Runs unsupervised clustering on paths and adds the cluster assignment as a new segment column. The resulting column can be used in any widget that accepts a segment column.

This is the programmatic equivalent of the Cluster Analysis widget. Use the widget for interactive exploration and add_clusters when you want to persist cluster labels in the eventstream for downstream analysis.

Usage

es.add_clusters(
    segment_name="cluster",
    features=[
        {"metric": "length"},
        {"metric": "duration"},
        {"metric": "event_count", "metric_args": {"event": "purchase"}},
    ],
    method="kmeans",
    n_clusters=4,
    scaler="minmax",
)

Parameters

ParameterTypeDefaultDescription
segment_namestrrequiredName of the new segment column for cluster labels.
featureslist[dict]requiredMetric configs used as clustering features. Each dict has metric and optional metric_args. See Path Metrics.
methodstr"kmeans"Clustering algorithm: "kmeans" or "hdbscan".
scalerstr | None"minmax"Feature scaling: "minmax", "std", or None.
n_clustersint | NoneNoneNumber of clusters.

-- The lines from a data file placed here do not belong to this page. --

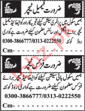 Latest Private School Teaching Posts Quetta 2025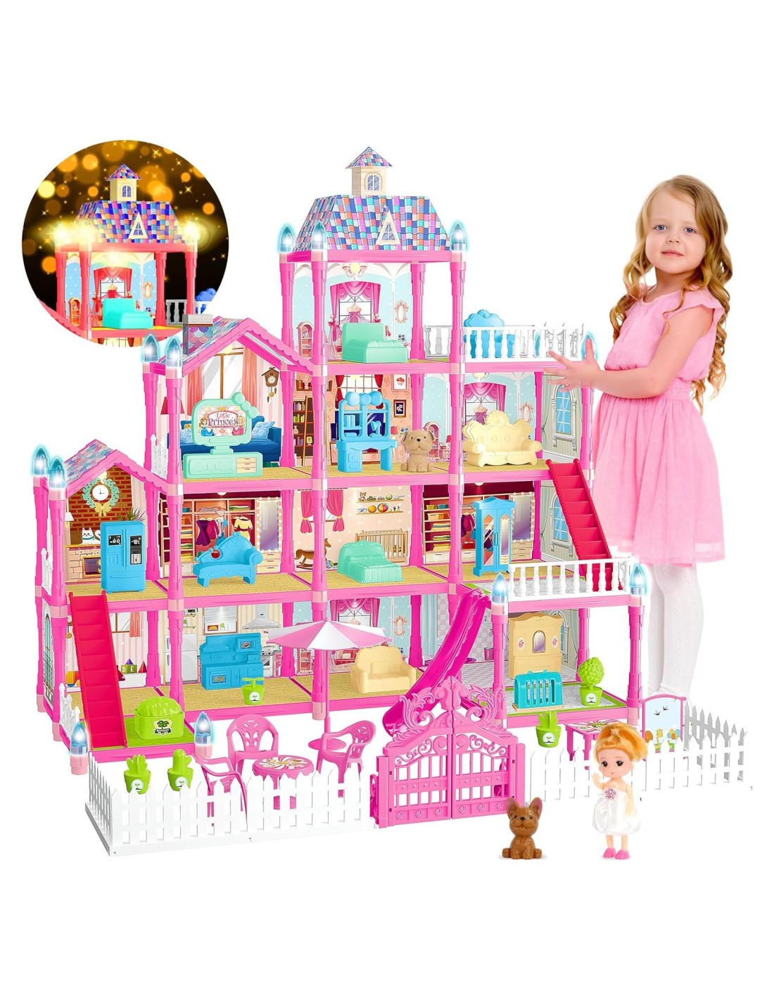 - [Bonito Juego de Casa de Muñecas] La casa de muñecas mide aproximadamente 60.96 x 49.53 x 66.04 cm y comprende 4 pisos y 13 habitaciones, incluyendo sala de estar, cocina, dormitorio, baño, etc. También viene con un juguete de muñeca y dos cachorros. Tus hijos se divertirán mucho jugando con esta casa de muñecas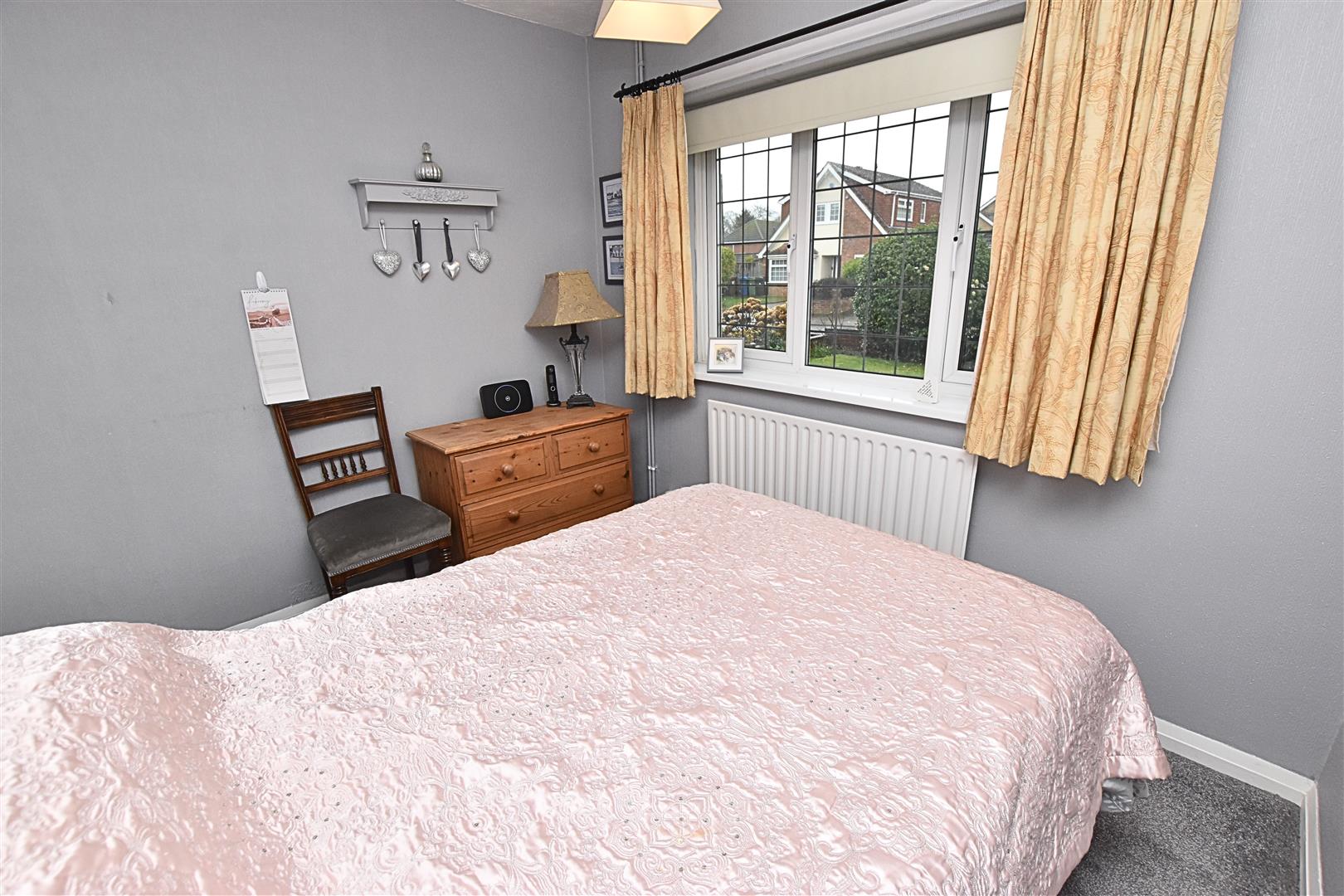 The master bedroom is to the rear of the property with a uPVC double glazed window with carpeted flooring, radiator and a range of cream fronted wardrobes with overhead cupboards with matching dressing table and draws.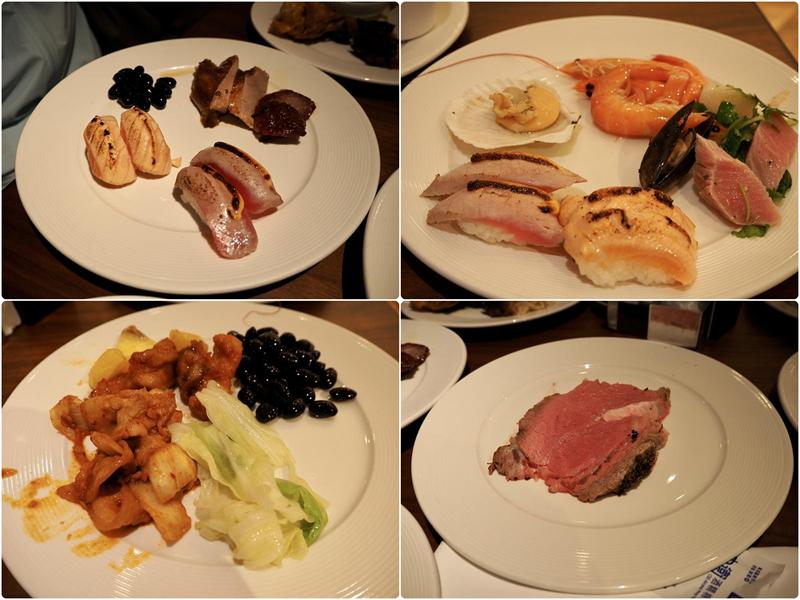 現切的牛排沾上海鹽吃的到肉質的鮮甜,熟白蝦滿鮮甜的、淡菜加上五味醬就是對味、烤鴨肉質軟嫩相當好吃,炙燒的生魚飯也很美味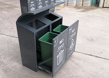户外滑轨两连体不锈钢分类垃圾桶制作精良,户外方形两连体滑轨抽拉式设计,注重产品细节部位处理坚固耐用,安全无利口,不伤手,304#或201不锈钢外筒,内筒采用玻璃钢内筒,另外选择镀锌板、不锈钢板、或者塑料内筒等等,便于垃圾清倒;适合摆放场景:户外物业小区、公园景区、城市广场等等。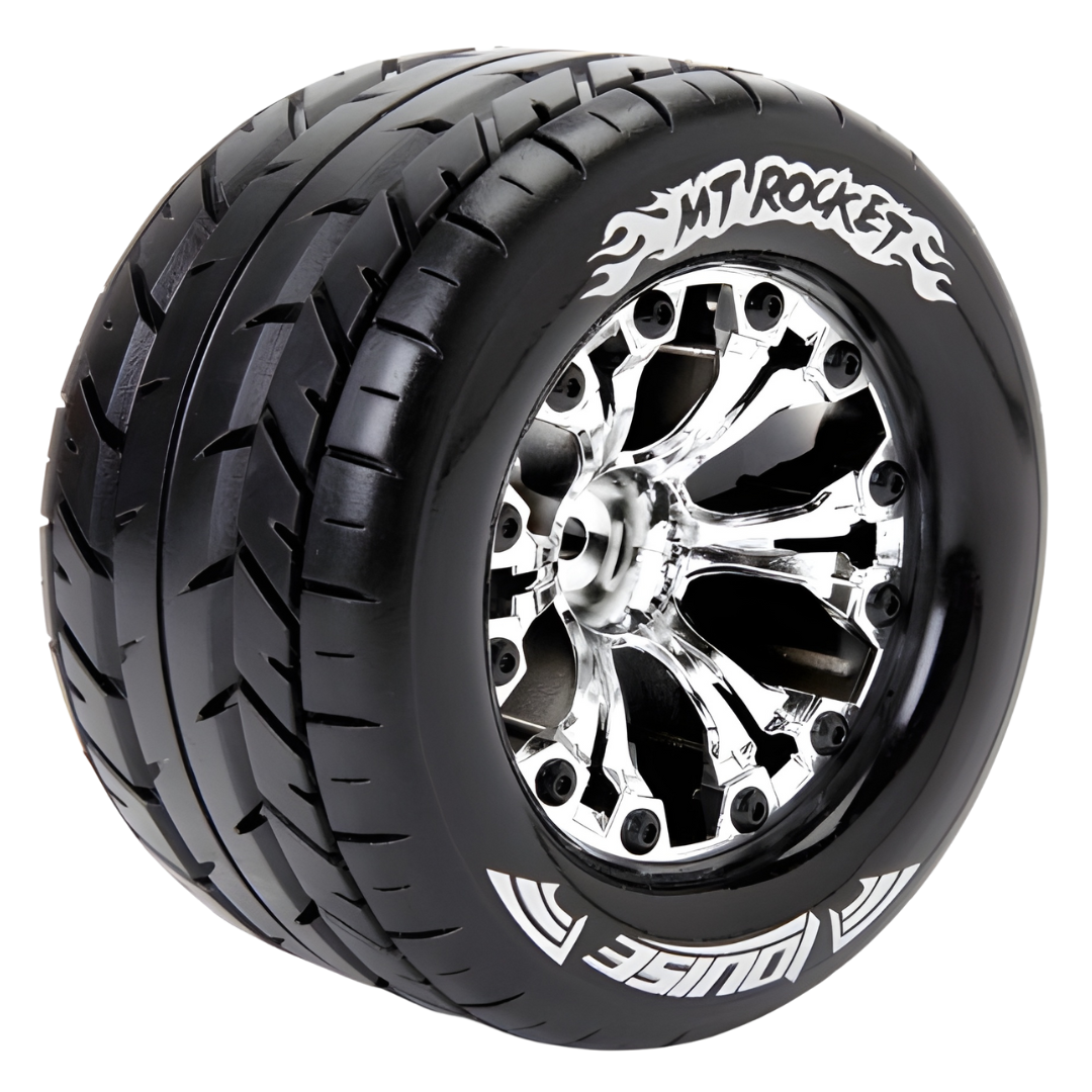 The MT-Rocket tyre on chrome rim with a 1/2 inch offset is designed for a range of 1/10 scale RC trucks. Featuring a soft tire compound and durable chrome nylon wheel finish, this set offers superior traction and a stylish appearance for both on-road and off-road applications.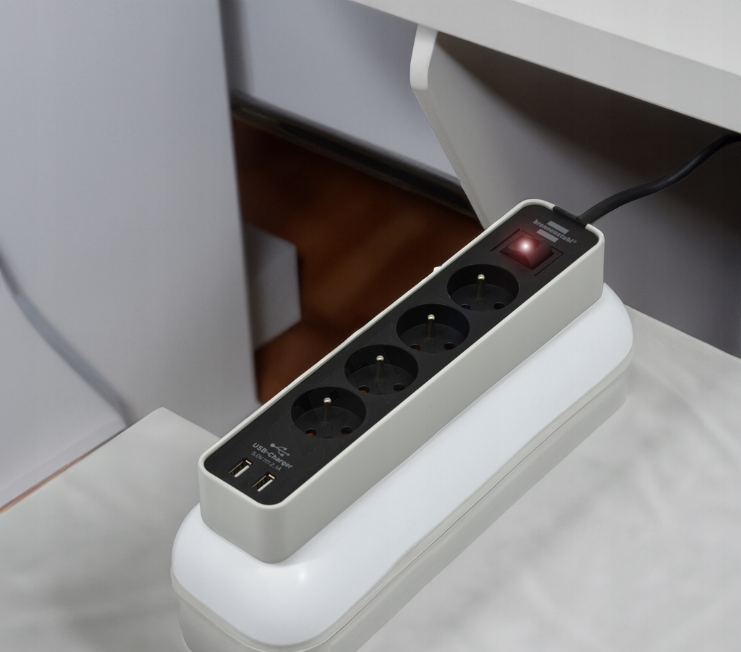 Подовжувач живлення виготовлено з високоякісного пластику, що забезпечує надійну міцність і стійкість до тріщин і розривів. Створення міцної конструкції, зберігаючи надзвичайно компактні розміри, включає 4 стандартні роз’єми та 2 роз’єми USB. Це рішення дозволяє заряджати два пристрої, використовуючи лише USB кабель, без необхідності підключати зарядний пристрій, а також живити інші пристрої, підключені до стандартних розеток, усе в одній смузі!

Required for k-means.
min_cluster_sizeint | NoneNoneMinimum cluster size for HDBSCAN (default: 5).
nmf_kint | NoneNoneIf set, applies NMF to reduce features to nmf_k components before clustering.
path_id_colstr | NoneNoneOverride the path ID column.

Cluster labels

K-means clusters are labeled cluster_0, cluster_1, etc. HDBSCAN assigns noise points the label noise.